# los alcazares job,property,school



## 1367kevin (Jul 3, 2014)

hi , Im a 34 year old chef from N.I with a fiance and a 10 year old son . I have always dreamed of moving to spain and after a visit to los alcazares we all came to the decision it would be the perfect place for us to live . Im thinking about starting my own business catering for private dinner parties etc but im also looking for work as a chef , im currently working in 1 of n.i best restaurants and my partner is a manager of a small restaurant in our home town (coleraine) . here are a few questions that i hope some of you fine people can help me with 

1. restaurants in the los alcazares area 

2. the average rent for a year long tenancy 

3. schools 

thanks for taking the time to read and hopefully answering my questions


----------



## jojo (Sep 20, 2007)

1367kevin said:


> hi , Im a 34 year old chef from N.I with a fiance and a 10 year old son . I have always dreamed of moving to spain and after a visit to los alcazares we all came to the decision it would be the perfect place for us to live . Im thinking about starting my own business catering for private dinner parties etc but im also looking for work as a chef , im currently working in 1 of n.i best restaurants and my partner is a manager of a small restaurant in our home town (coleraine) . here are a few questions that i hope some of you fine people can help me with
> 
> 1. restaurants in the los alcazares area
> 
> ...



You probably wont get very many positive responses I'm afraid. 

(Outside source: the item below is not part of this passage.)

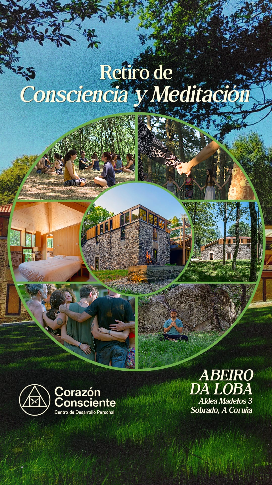 Durante tres días, en el maravilloso espacio de Abeiro da Loba (Aldea Madelos 3, Sobrado dos Monxes, A Coruña), disfrutaremos de meditaciones guiadas, talleres vivenciales, dinámicas de conexión, movimiento consciente, juegos, silencio, descanso… y una alimentación saludable en régimen de pensión completa.

I think you need to have a good look thru the forum. Employment is a huge problem and to be able to claim health cover and become a resident you will need an employment contract. Starting your own business means you'll need to pay autonomo. Your sons age means that really he'd be better off in an international school. Tenancy is cheaper than the UK, but then if you're lucky enough to gain employment, the wages will be a lot less. 

Jo xxx


----------